Growth isn't picking up for consumer companies, if Hindustan Unilever's September quarter numbers are anything to go by. While standalone net sales grew by 10.8% year-on-year to Rs 7640 crore, volume growth remained tepid at 5%, which disappointed analysts. The quarter's sales growth has been driven by a 11% growth in soaps and detergents. The personal products segment grew by 9.9% year-on-year, exhibiting signs of continued weakness. The laundry segment's growth, analysts claim, has been driven by the premium segment, even though brands like Wheel are showing traction after the relaunch.The company's domestic consumer business grew 10.7% year-on-year to Rs 5800 crore, driven by a robust growth in select categories. Even though input prices have been coming down over the last few quarters, Hindustan Unilever has seen raw material prices increase year-on-year. The share of raw material prices as a percentage of sales during the quarter was 51.8% against 50.3 in the corresponding quarter last year. This impacted gross margins, which have declined 150 basis points year-on-year to 48.2%.

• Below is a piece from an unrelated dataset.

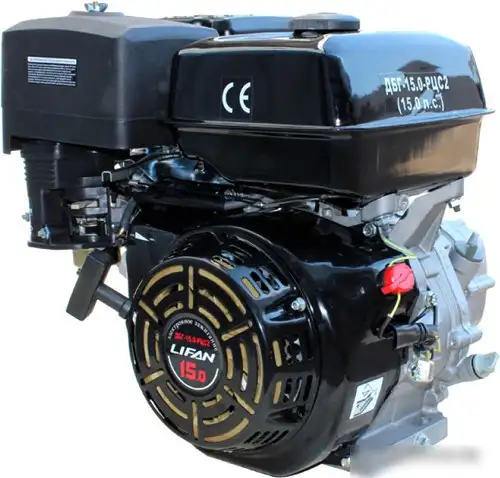 Бензиновый двигатель Lifan 190FD имеет мощность 15 лошадиных сил и подходит для различных задач. Он работает на бензине и оснащён одним цилиндром с объёмом 420 см³. Этот двигатель — четырёхтактный, что обеспечивает его надёжность и экономию топлива. Максимальный крутящий момент составляет 25 Нм, что помогает эффективно справляться с нагрузками. У двигателя есть как ручной, так и электростартер для удобства запуска. Он охлаждается воздушным способом, что упрощает обслуживание.

Despite the decline in gross margins, HUL's operating margins improved 50 basis points year-on-year to 16.3%, as the input cost inflation ebbed towards the end of the quarter. The company's also keeping a check on costs to protect its margins. Compared to last year, advertising & promotion spends have declined as a percentage of sales as have other expenses. Advertising expenses as a percentage of sales have declined from 13.8% in the second quarter of FY14 to 12.1% of sales.
While sequentially, most segments have seen their margins decline, however, compared to last year, segment margins are up other than the soaps and detergents. The soaps & detergents segment saw its EBIT margin decline 40 basis points YoY to 13.6%. The EBIT margin for the personal products segment expanded 160 basis points YoY 24.4% and processed foods business saw EBIT margin expand 110 basis points YoY to 4.4%. While growth in key categories like skin cleansing and skin care remained strong, growth in the oral care segment has been impacted by the competitive intensity.
According to Emkay Global, HUL's adjusted profit after tax grew 6.7% to Rs 940 crore, which is below estimates, due to higher depreciation and higher tax rate. The company's reported profit after tax grew 8.1% YoY to Rs 990 crore.